Power Supply. The power supply is used to control the voltage and the time the voltage is
applied to the gel experiment. The main power button is located next to the voltage leads, and the LCD screen allows you to set the duration, the voltage, and displays the time remaining on the experiment. The On/Off button is used to actually apply the voltage to the gel, and the voltage will turn off automatically after the specified time has elapsed.
Sequencer. Sequencers are used to determine the DNA sequence of the amplified product. Actual DNA sequencers are sophisticated pieces of equipment and require a unique set of reagents. The virtual automatic sequencer used in the molecular laboratory is completely automated and requires only that the student has amplified enough product to provide a sufficient quantity for the sequencer reactions.

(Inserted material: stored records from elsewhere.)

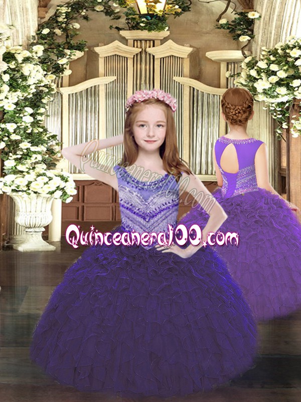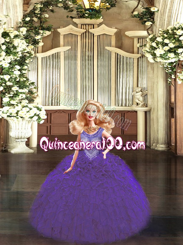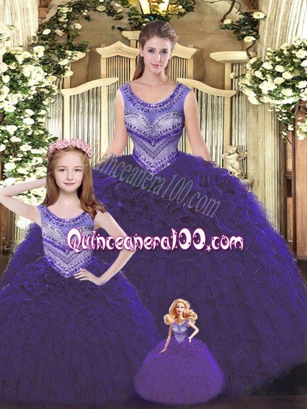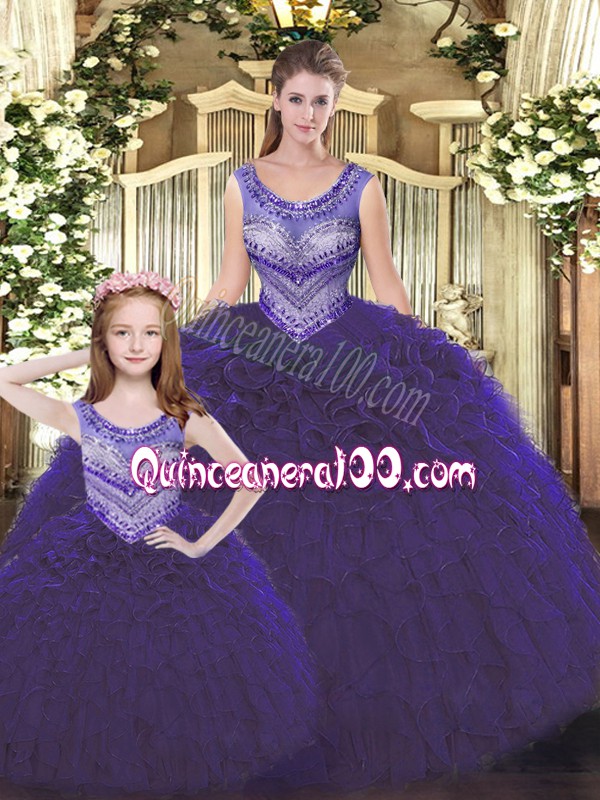 Neckline : ScoopShown Color : Dark PurpleSilhouette : Ball GownsSleeve Length : sleevelessHemline : floor lengthBack Detail : Lace upFabric : TulleEmbellishment : Beading,RufflesOccasion : Military Ball,Sweet 16,QuinceaneraSeason : Spring,Summer,Fall,Winter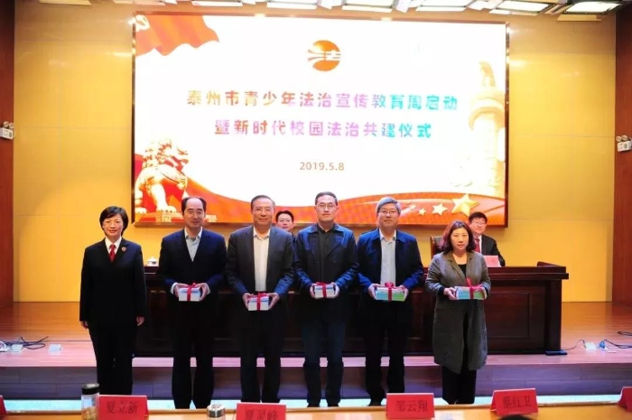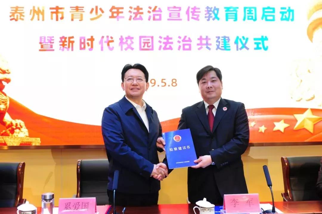 ?為深入推進青少年法治教育,強化未成年人保護工作,5月8日下午,市教育局和市檢察院在江蘇省泰州中學聯(lián)合舉辦青少年法治宣傳教育周啟動暨新時代校園法治共建儀式,市政協(xié)副主席、教育局局長奚愛國,市檢察院檢察長李軍出席儀式并講話。市檢察院副檢察長陸紅梅、鄒云翔、蔡紅衛(wèi)、檢委會專職委員華為民等參加活動?;顒佑墒薪逃指闭{(diào)研員朱三峰主持。 市政協(xié)副主席、教育局局長奚愛國出席儀式并講話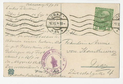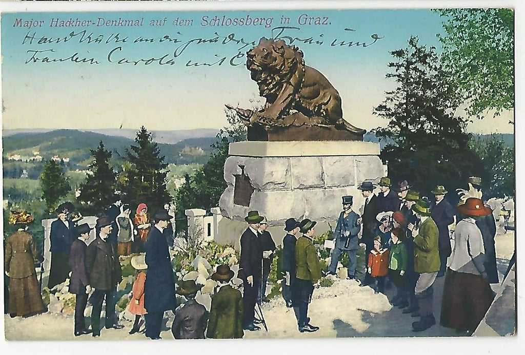 AK Major Hackher-Denkmal auf dem Schlossberg in Graz. (1913/14) Gelaufen. Kleinformat. Verlag: Sickha. PLW. Nummeriert: 16682. Zustand: gut.
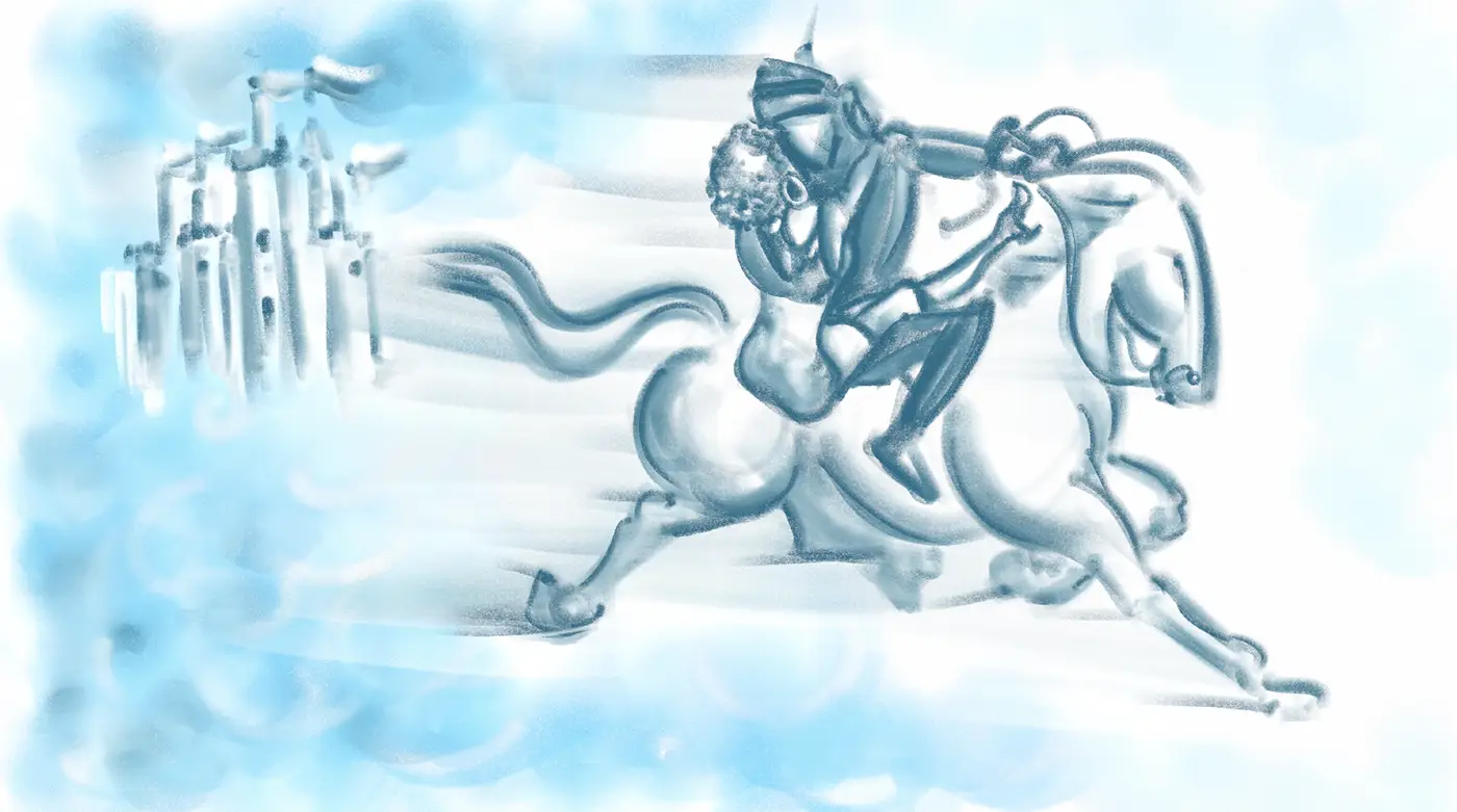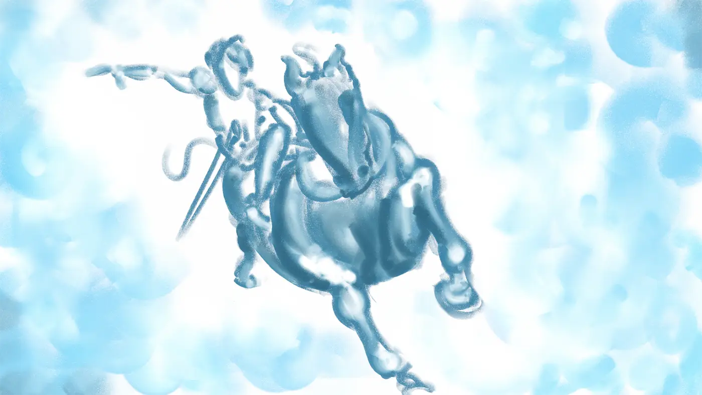 (...somewhere up towards the clouds beyond the mountains the silhouette of a knight can be seen riding towards a castle…)
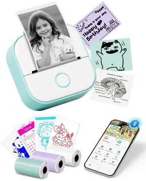 Mini Printer - T02 Sticker Printer Print Pod Portable Thermal Inkless Sticker Maker Bluetooth Pocket Mini Photo Printer Instant Print, Smart AI APP, for Student Study Note, Journal, DIY, Gift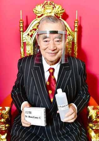 ・2つ目は、ドアノブや手すり、エレベーターの押しボタンなど、手が触れる場所の除菌ができる液剤「Dr.FukiCoro-C(ドクター・フキコロ・シー)」だ。中松氏は「体への安全性も大丈夫」とした上で「突然、できたわけじゃない。02〜03年の重症急性呼吸器症候群(SARS)が発生、流行した頃から、ずっと長いこと研究をやってきた結果、完成した」と語った。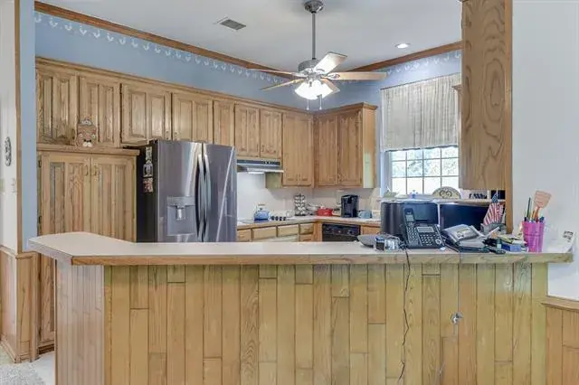 PRICE REDUCTION!! HOME QUALIFIES FOR SPECIAL FINANCING – CALL TO INQUIRE!! This beautifully maintained 4-bedroom, 3-bath home sits on just under half an acre, surrounded by gorgeous mature trees that offer shade, privacy, and natural beauty. The spacious layout combines classic elegance with everyday comfort, ideal for both entertaining and relaxed living. Step inside to a formal living and dining area featuring crown molding, wainscoting, chandeliers, a cozy wood-burning fireplace, and a wet bar—perfect for gatherings or quiet evenings at home. The bright, open-concept kitchen boasts double ovens, a peninsula with seating, and a cozy breakfast nook, all flowing seamlessly into the family room. It''s a warm and inviting space for cooking, dining, and spending time together. The primary bedroom suite is a true retreat, complete with a tray ceiling, large window, and a spa-like en-suite bath featuring a jetted tub, separate walk-in shower, skylight windows, and a spacious walk-in closet. Three additional bedrooms include a convenient Hollywood-style shared bathroom, offering both function and privacy. With plenty of outdoor space, beautiful trees, and timeless interior details, this home combines space, comfort, and charm—ready for you to make it your own. Close-by all the amenities of Arlington! All stores, shops, dining, Texas Rangers, Dallas Cowboys and Texas Live!! **Bonus Washer, Dryer and Fridge included with acceptable offer**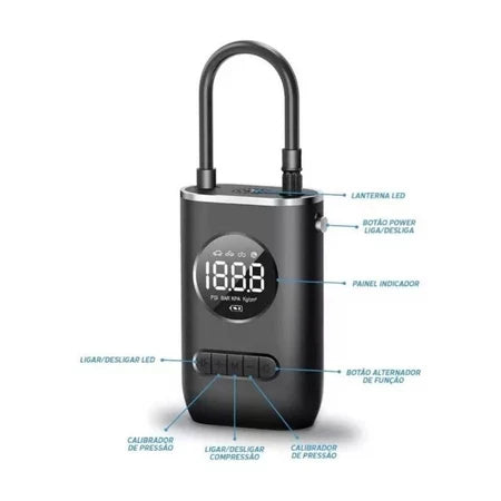 Suporta Quatro Modos de Inflação e Variadas Unidades de Pressão (PSI, BAR, KPA, kg/cm²).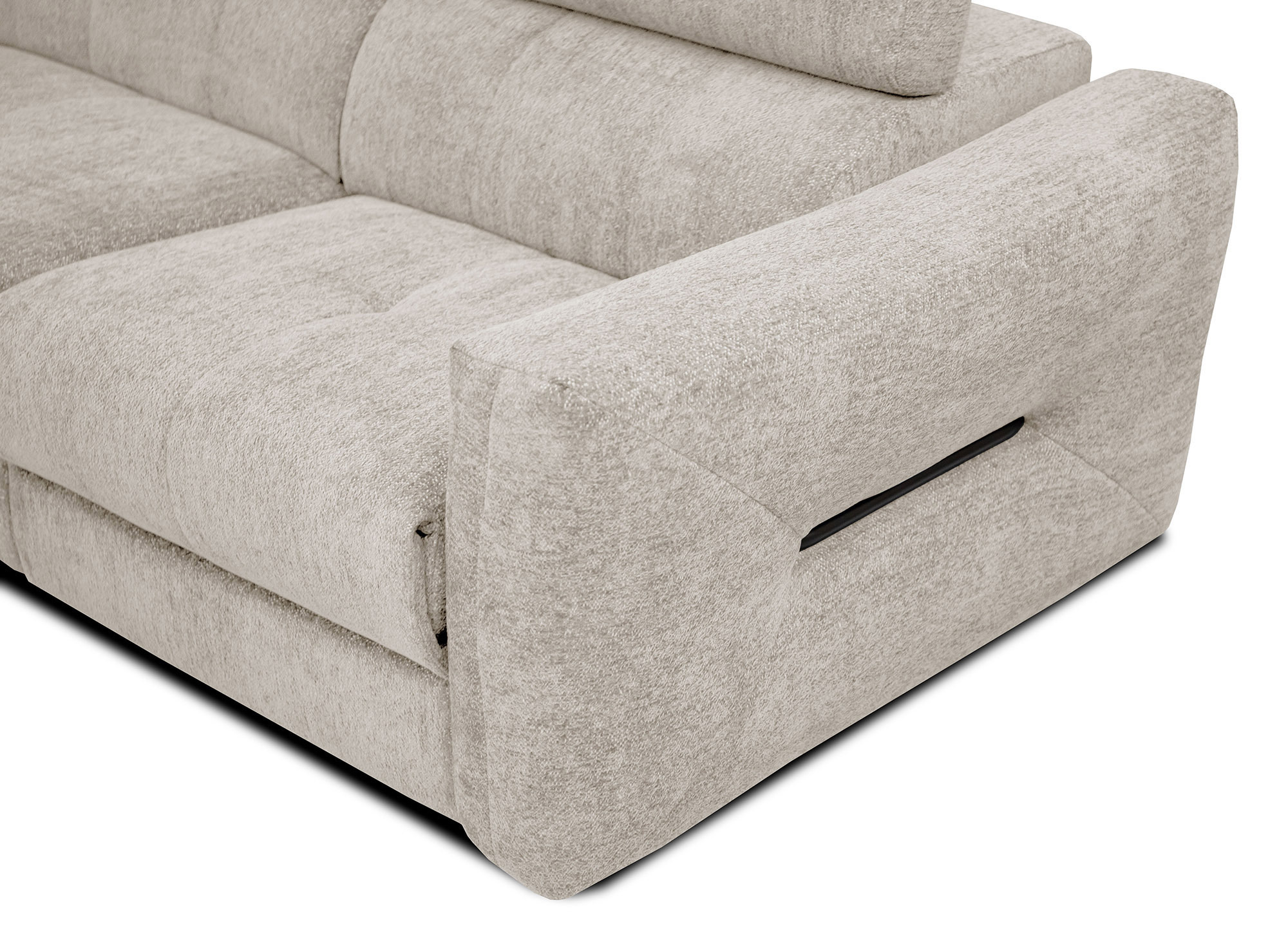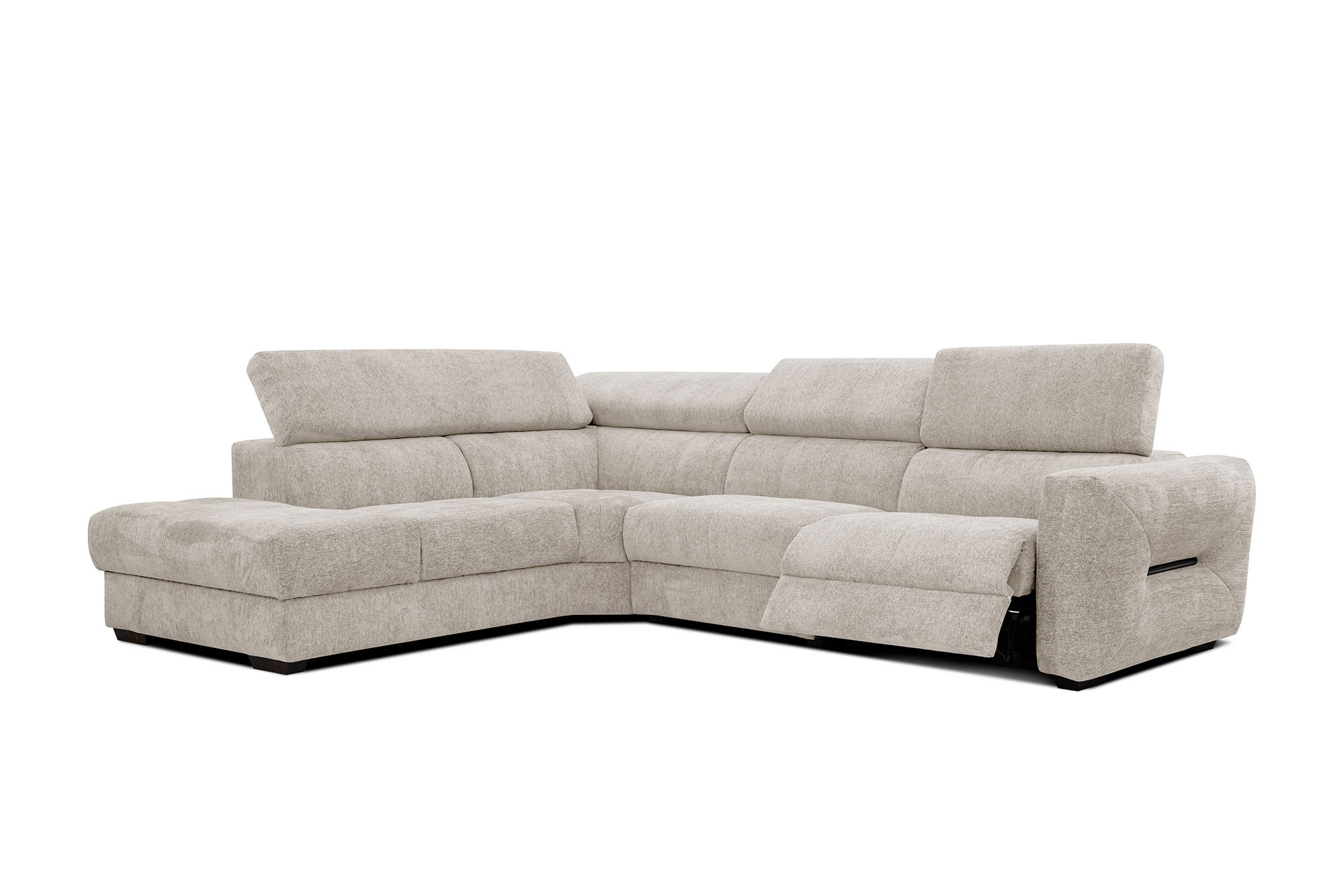 Canapé d'angle gauche Calvera 5 places avec un relax électrique tissu beige

A sample is loaded into the sequencer by clicking on and dragging a sample tube over to the sequencer drawer, holding over the drawer until it opens, and then dropping the tube on to the tube holder. Clicking on the drawer closes it and initializes the instrument for a sequencer run.
The sequencer controls are in Live Data. The sequencer section displays the results of the sequencer run in real time. Clicking on the Start button starts a sequencer run and it can be stopped at any time by clicking on the Stop button, although the run will automatically terminate when the end of the sequence has been reached. Note that the sequencer produces a base pair every 30 seconds so it may appear that the sequencer is not working. It will be convenient to use the laboratory clock to advance the time since sequencer runs can take many hours.
After one or more sequences have been determined and are displayed in the sequencer window, other functions are also available. A sequence is selected by clicking on the sequence, which then activates the Save button and allows the student to
enter a name for the sequence. Clicking on the Save button saves the sequence to the lab book for further analysis. The lab book icon is used to indicate if the sequence has been saved to the lab book. An alignment tool is also available in the upper right corner of the window. This tool can be used to check for similarities in the sequence for a list of sequences. The Zoom button opens up a window with the sequences to allow for comparison and analysis of the sequences.
Presets. The list of Lab Presets is a set of preset molecular biology experiments that are already predefined and ready to run. Clicking on the preset will clear the laboratory and launch the preset.